Penguin 2.1 was announced this past week by Google’s head of search spam, Matt Cutts. 2.1 is not an update in the pre-Hummingbird sense. Hummingbird was a re-haul of the whole algorithm and contains much of the important logic of the past Penguin and Panda updates. Penguin 2.1 is a small part of the search engine acting as a filter and can be replaced periodically.
Cutts’ announcement came through his twitter account where he noted that the update would affect roughly one percent of searches. Compared to Penguin 2.0 which was released May 22 which affected 2.3 percent of searches, Penguin 2.1 initially appears to be much smaller.
The tweet includes a link to the Google Blog article “Another Step to reward high-quality sites.” The article was posted back in April 2012 and references black hat techniques such as keyword stuffing; essentially nothing we didn’t already know. While Cutts’ announcement and link represent a minimal alteration to the Google algorhthim this may not necessarily be the case.
What did it Target?
Glenn Gabe of G-Squared Interactive has analyzed Penguin 1.0 and 2.0 sifting through the data of over 200 sites. After the release of Penguin 2.1 Gabe examined 25 websites impacted by the change determining which factors contribute to sites getting hit. After completing his analysis he believes that Penguin 2.1 has proved to be more influential than Penguin 2.0 and represents a larger impact than Cutts’ initially suggested.
The purpose of the initial Penguin update was to eliminate spammy links from contributing to a sites PageRank. However the update only reached to the homepage of the offending sites. This was quickly fixed through subsequent updates that could reach farther into a website to identify spammy deep links. Penguin 2.1 is another demonstration of this ongoing effort.
Unnatural Links Targeted
Forum Spam: Forum Spam was heavily targeted in the update, including comments in threads that used exact match anchor text.
Forum Bio Spam: Spammers who set up profiles on websites and used their profile to gain exact match anchor text links to their own sites were hit. Link builders using Bios for targeting multiple websites with exact match anchor text were similarly flagged.
Do-Follow Blogs: Do-follow blogs don’t include nofollow to links posted (even blog signatures in some cases). These sites act like a directory using exact match anchor text links. If you are listed on these sites it is sending Google the message that you are gaming links.
Blogroll Spam: As with past updates this has come up again. Just as a reminder, blogrolls themselves are not bad but can be used very poorly. Having blogroll links from questionable sites can prove fatal for your website.
Spammy Directories: This one may be obvious but can be very time consuming to fix. As with previous Penguin updates, having links from numerous spammy directories makes your website a target of Google.
Blog Comment Signature Spam: Blog signatures that use exact match or rich anchor text are targeted. Gabe noted that some of these links are flagged even when they aren’t followed links. It appears that exact match anchor text on your blog comment signature can be a target for Penguin even if those links are nofollowed.
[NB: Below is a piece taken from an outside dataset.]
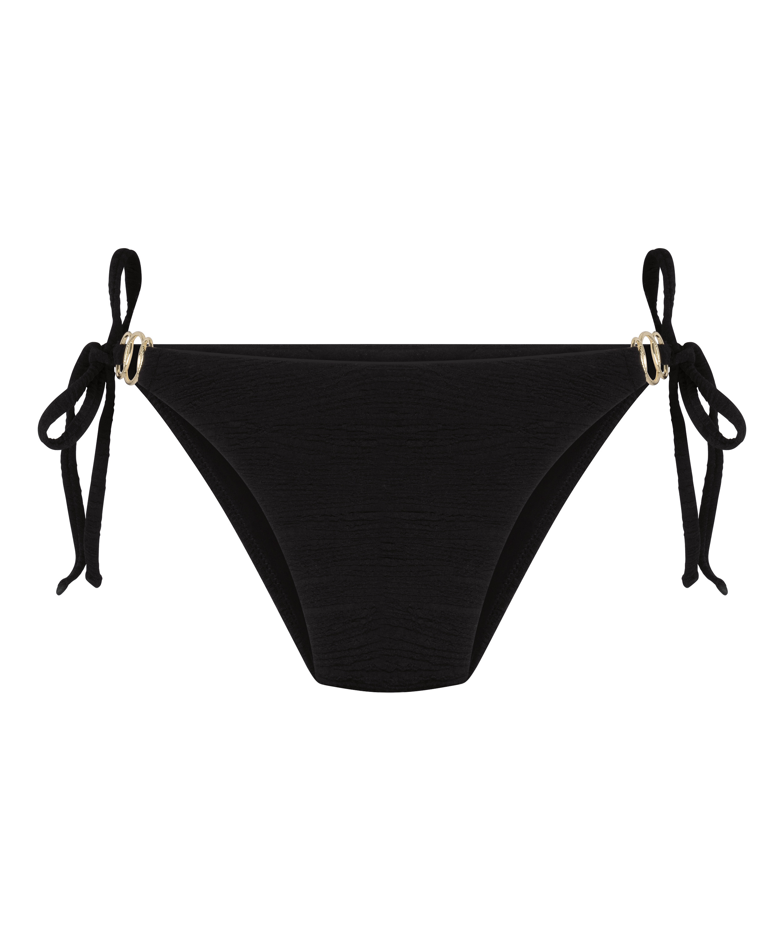 Haz la hora dorada glamurosa con este tanga de bikini negro, que aporta vibraciones elegantes con un toque descarado. Está diseñado para ajustarse a la perfección, con su acabado suave y su cobertura ligeramente atrevida, te sentará de maravilla y te hará sentir segura de ti misma. Combínalo con tu top de bikini favorito y deja que el dorado hable por sí solo.

Shared Tactics Victims: Forum comment spam and forum bio spam that contain multiple sets of exact match anchor text links (to two different sites) were lumped together to be penalized. Google may be able to identify additional spam targets by finding additional sites associated with offenders. It looks like Google may be using associations to find like-minded spammers, catching all Penguin Offenders in the same net.
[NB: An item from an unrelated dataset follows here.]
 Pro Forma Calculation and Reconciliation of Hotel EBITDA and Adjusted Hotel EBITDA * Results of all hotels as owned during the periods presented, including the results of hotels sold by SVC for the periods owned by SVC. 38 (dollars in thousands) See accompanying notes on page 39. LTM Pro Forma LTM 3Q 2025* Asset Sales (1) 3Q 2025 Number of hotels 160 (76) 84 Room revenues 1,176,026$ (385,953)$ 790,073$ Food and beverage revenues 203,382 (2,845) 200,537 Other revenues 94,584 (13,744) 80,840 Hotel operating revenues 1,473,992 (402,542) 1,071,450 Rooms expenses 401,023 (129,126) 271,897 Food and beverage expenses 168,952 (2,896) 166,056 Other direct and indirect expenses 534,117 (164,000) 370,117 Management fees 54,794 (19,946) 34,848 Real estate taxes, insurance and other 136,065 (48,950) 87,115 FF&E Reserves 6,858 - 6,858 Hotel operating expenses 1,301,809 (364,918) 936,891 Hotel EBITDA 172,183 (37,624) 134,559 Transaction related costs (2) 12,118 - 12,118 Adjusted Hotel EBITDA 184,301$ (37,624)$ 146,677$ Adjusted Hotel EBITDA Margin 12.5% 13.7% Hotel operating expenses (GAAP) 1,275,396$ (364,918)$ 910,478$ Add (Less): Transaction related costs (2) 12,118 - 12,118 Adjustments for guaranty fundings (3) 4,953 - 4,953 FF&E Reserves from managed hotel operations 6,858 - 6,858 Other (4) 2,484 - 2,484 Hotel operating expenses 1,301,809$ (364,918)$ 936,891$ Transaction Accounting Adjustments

To read through Glenn Gabe’s full report click here.
Were You Hit?
If you are unsure if you were hit by Penguin 2.1 look through your organic traffic in Google Analytics over the past couple weeks and try to spot any dips. If you see any dips try and dig deeper to find where the fall from traffic was coming from. You may be able to identify a possible source beyond the Google Search Engine.
In some cases your traffic may have increased; not because you are doing anything differently but because one of your competitors may have been hit.
How to Recover
As the Penguin updates continue you will need to move away from a link building mindset. Cutts has cautioned several times that user experience rather than link building should be main focus. Create and promote quality, useful content. If you are able to succeed in creating valuable content then links will result naturally from users.
More specifically, here are step you need to take to recover form Penguin 2.1:
Step 1 Find Your Links
Download your links from all sources you can and analyze them looking for unnatural links, especially those that use exact match or rich anchor text. If you notice that a domain contains several spammy links don’t try and target specific URLs but mark the whole domain.
Step 2 Destroy the Offenders
Remove these links. Start by reaching out manually to destroy as many as you can. Afterwards, contact the different webmasters and request to have your link removed from the site. Make sure to track all of these efforts meticulously because if you are unable to contact the webmaster you will have to request Google to disavow he links and they will ask for proof that demonstrates you have made a good-faith effort to remove the links yourself.
Step 3 Edit Your Site
Google may not remove some of these links even after all your efforts so you may find that you need to remove the pages that the links are pointing to on your own site. Removing these pages is essentially the same thing as removing links. Save your valuable content and create new pages to place it on. Unfortunately this will not work all the time as some pages like your homepage are too important to delete.
Step 4 Looking Forward
Screen any additional link building efforts. Make sure you are not using old tactics to build additional links. It would be pretty pointless to go through all of this effort removing links while simultaneously creating new problems. If you need help in identifying white hat methods contact an SEO company.
Although this is not technical advice it is the most important. During the initial Penguin rollout many sites using black hat linking were hit hard while others, though more guilty, escaped unscathed. The sites who escaped were using deeper links that did not lead directly to the homepage. Penguin 2.0 eventually caught these sites and penalized them. However, there are still other guilty parties who as of yet have avoided getting caught. Eventually the updates will catch up to you and it is much wiser to clean up your links now rather than wait the next update that is able to find them. If you have been hit there is a good change that you can recover so work quickly.